Dar refuses to bow, opposition walks out of NA

Published February 13, 2015
Finance Minister Ishaq Dar.—INP/File
Finance Minister Ishaq Dar.—INP/File

ISLAMABAD: Finance Minister Ishaq Dar came to the National Assembly on Thursday to respond to three days of protests against new taxes imposed outside the budget, including a higher General Sales Tax (GST) on petroleum products, but refused to bow to even a softened opposition agenda, provoking a fourth walkout in a row.

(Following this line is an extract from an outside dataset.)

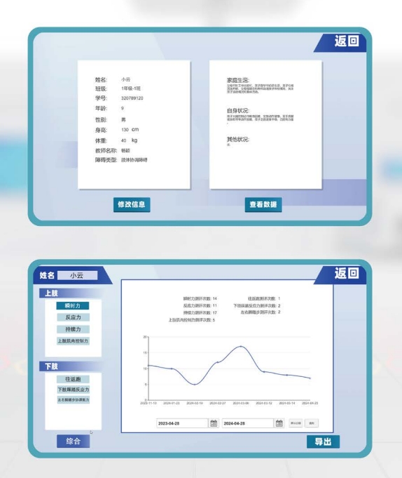 運(yùn)動(dòng)康復(fù)評(píng)估訓(xùn)練系統(tǒng)采用自適應(yīng)學(xué)習(xí)引擎、數(shù)據(jù)分析引擎等核心技術(shù),配合可觸式傳感器及柔性透光材質(zhì),營造科學(xué)、安全、真實(shí)的訓(xùn)練場(chǎng)景,對(duì)兒童的肢體運(yùn)動(dòng)能力進(jìn)行全面評(píng)估與針對(duì)性訓(xùn)練。 系統(tǒng)內(nèi)置評(píng)估功能,康復(fù)師可針對(duì)每一名兒童進(jìn)行系統(tǒng)評(píng)估,例如瞬時(shí)力、持續(xù)力、反應(yīng)速度、耐力、上下肢肌力平衡性、協(xié)調(diào)性等進(jìn)行科學(xué)的評(píng)估。大數(shù)據(jù)引擎可對(duì)評(píng)估結(jié)果進(jìn)行對(duì)比與分析,自動(dòng)生成評(píng)估報(bào)告,各項(xiàng)功能指標(biāo)數(shù)據(jù)化、圖形化,一目了然

All opposition parties have been demanding that the government withdraw, or seek parliamentary approval of up to 27 per cent increase in the GST on petroleum products from 17 per cent -- in two instalments of five per cent each -- since December and the recent five per cent increase by the Economic Coordination Committee of the Cabinet in regulatory duty on hundreds of importable items, including furnace oil used for power generation.

Also read: A govt climbdown in NA on taxes; some anti-terrorism pride

Rejecting the opposition charge of bypassing parliament, Mr Dar said the nearly two-year-old government of the Pakistan Muslim League-N had only used powers it enjoyed under existing laws such as the Sales Tax Act of 1990s and had followed what he said had rightly been done by previous governments as well to meet revenue shortfalls, as was the case now due to a sharp fall in global oil

prices and the resulting reduction in GST revenues.

But the opposition, seeming least impressed by the minister’s argument and a plethora of figures blurted out by him, insisting that the government had better respected parliamentary sovereignty as seen after the post-2008 empowerment of parliament rather than relying on practices of a different era.

Naveed Qamar, who had been a finance minister in the previous coalition government led by the Pakistan People’s Party, said some better way out would have been found if the government had come to parliament with its fiscal measures, which he said must all be withdrawn.

However, with only another day left for the current session of the house, opposition leader Khursheed Ahmed Shah proposed a new via media: Mr Dar announce right now a reduction in the GST on petroleum products to 22 per cent (from 27 per cent) and abolition of the five per cent regulatory duty on furnace oil, or the opposition would walk out as it had done on previous three days.

Mr Dar, who had in earlier remarks said the GST would be brought down if world oil prices shot up again, cheered Mr Shah’s speech by desk-thumping without rising to speak.

That kept Shah in a confusion for a while before realising it was in effect a no to his idea and leading opposition lawmakers out of the chamber as Speaker Sardar Ayaz Sadiq adjourned the house until 11.30am on Friday.